By David de Winter – Sports Editor

@LondonEconomic @davidjdewinter

This week, TLE sent me to Le Ziz restaurant in Dalston.  ‘Not Dalston!’ I protested.  ‘Everyone has skinnier jeans than me.  Their haircuts are more asymmetrical than mine and their glasses have thicker rims.  I’ll get ritualistically mocked.’  But TLE was having none of it.  So, reluctantly, off I pottered to North-East London.

Le Ziz is a relatively recent addition to the London dining scene, situated in the new Dalston Square development right next to Dalston Junction station.  It is a blend of Anatolian and Mezopotamian cuisine with a modern twist, a style of cooking for which the area is famed.  The restaurant itself is quite large and, in the kitchen I noticed a traditional stone oven.  Things were looking up.
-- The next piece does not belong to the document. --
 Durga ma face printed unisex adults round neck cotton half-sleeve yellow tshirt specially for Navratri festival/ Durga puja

My dining companion Jonny and I began with Sucuk, a grilled sausage, and grilled Octopus, which went down a treat.  The menu had a plethora of choices and it was difficult to narrow it down to just two – I was very tempted by the Kalamar and Karides (prawns in tomato sauce) and Le Ziz also offers plenty of vegetarian options.
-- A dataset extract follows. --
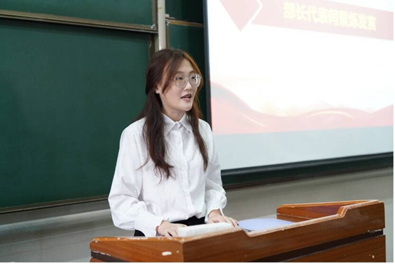 大会第三项由文宣部副部长闫景烁分享自己加入学生会以来的收获与经验。她表示加入学生会以来,分析问题和解决问题的能力有极大地提升,同时期望新成员加强团队合作,培养奉献精神,勇于挑战自我。她最后亲切地说道:“大家来自于不同的专业,不同的班级,但因为共同的目标和理想而走在了一起。这份珍贵的友谊将成为我们人生中最宝贵的财富”

For the mains I chose a traditional Lamb Special Casserole of diced lamb, onions, tomatoes, peppers and potatoes, a hearty dish perfect for the coming winter months – it was devoured with relish.  Jonny went for a Leziz Special grill of lamb, chicken and kofte with tomato sauce and yoghurt which was equally well received.  The portions at Le Ziz are certainly not on the stingy side so be prepared to loosen your belt a notch or two if you fancy dessert.  All of this was accompanied by a bottle of Nederberg The Manor, a Cabernet Sauvignon from South Africa, which is one of the most beautiful wines I have tasted this year, and at £20 per bottle is an absolute snip.
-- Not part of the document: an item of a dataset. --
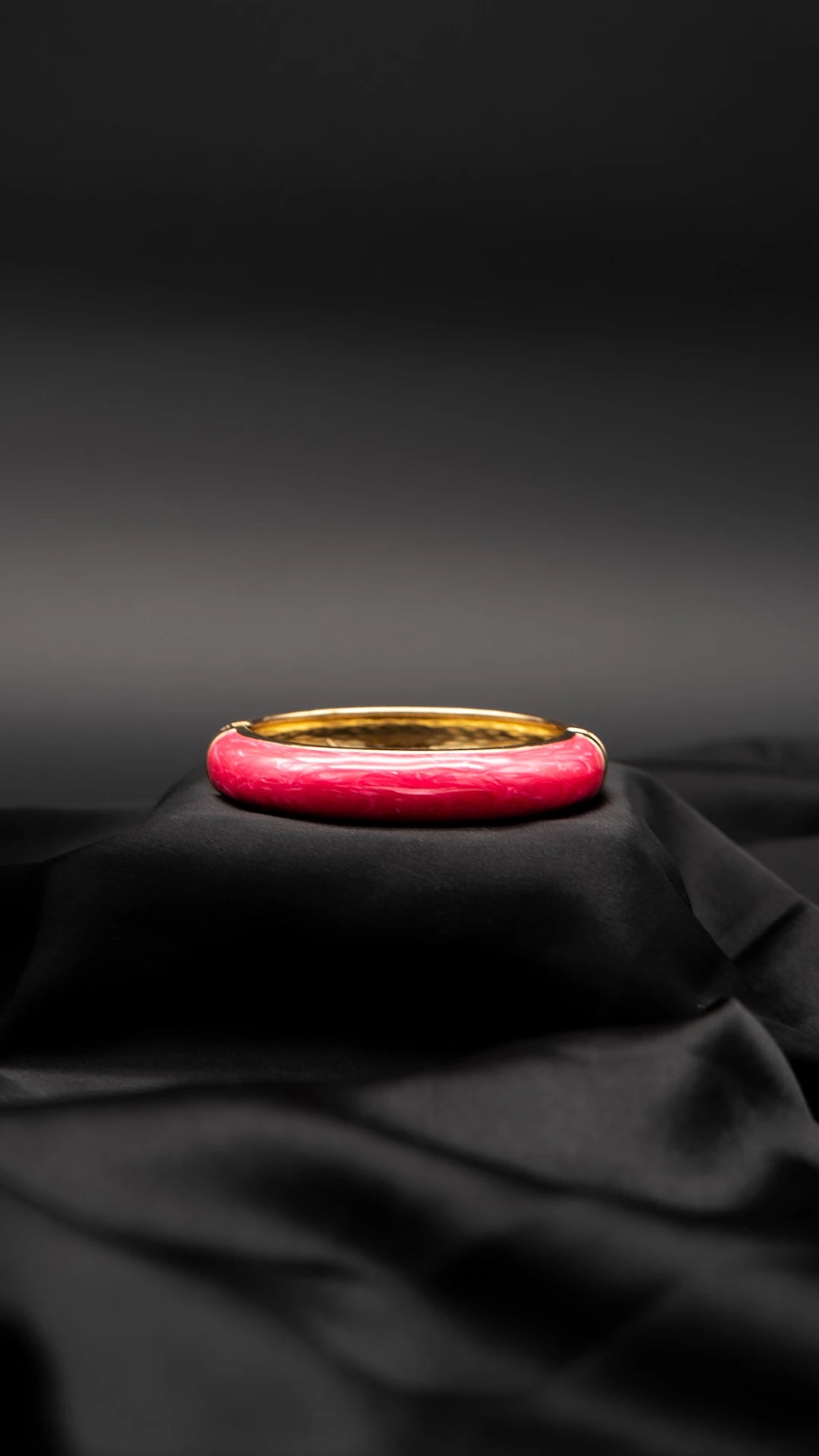 Radiating charm and confidence, the Evara Crush Bangle is a celebration of bold femininity and graceful design. With its lush pink enamel and delicate marbled texture, framed in a high-shine gold finish, this rounded bangle captures the essence of effortless beauty. Whether worn as a pop of color or layered into a statement stack, it’s crafted from premium tarnish-resistant materials that promise long-lasting shine and all-day comfort. A modern classic made to bloom with every look.

Sacrificing my svelte and muscular figure in the name of restaurant reviewing, we selflessly ordered dessert – a Kunefe (a baked pastry with honey syrup and pistachio) and a classic Baklava – both were the perfect postlude to a very satisfying meal.

As I squeezed my now not-at-all trim physique through the door into the Dalston night, I noticed that I had lost my allergy to the area.  I used to think it was purely the home of the hip and the trendy, where the word pop-up was used in every other sentence.  But places like Le Ziz are slowly making the area more accessible to the normal everyday Londoner.  Dining in Dalston needn’t necessarily be no frills, minimalistic and alternative; a warm welcome, friendly service, comfortable and modern décor, tasty food that one can eat with cutlery – dining as it should be.  Looks like Le Ziz has started a new trend in Dalston.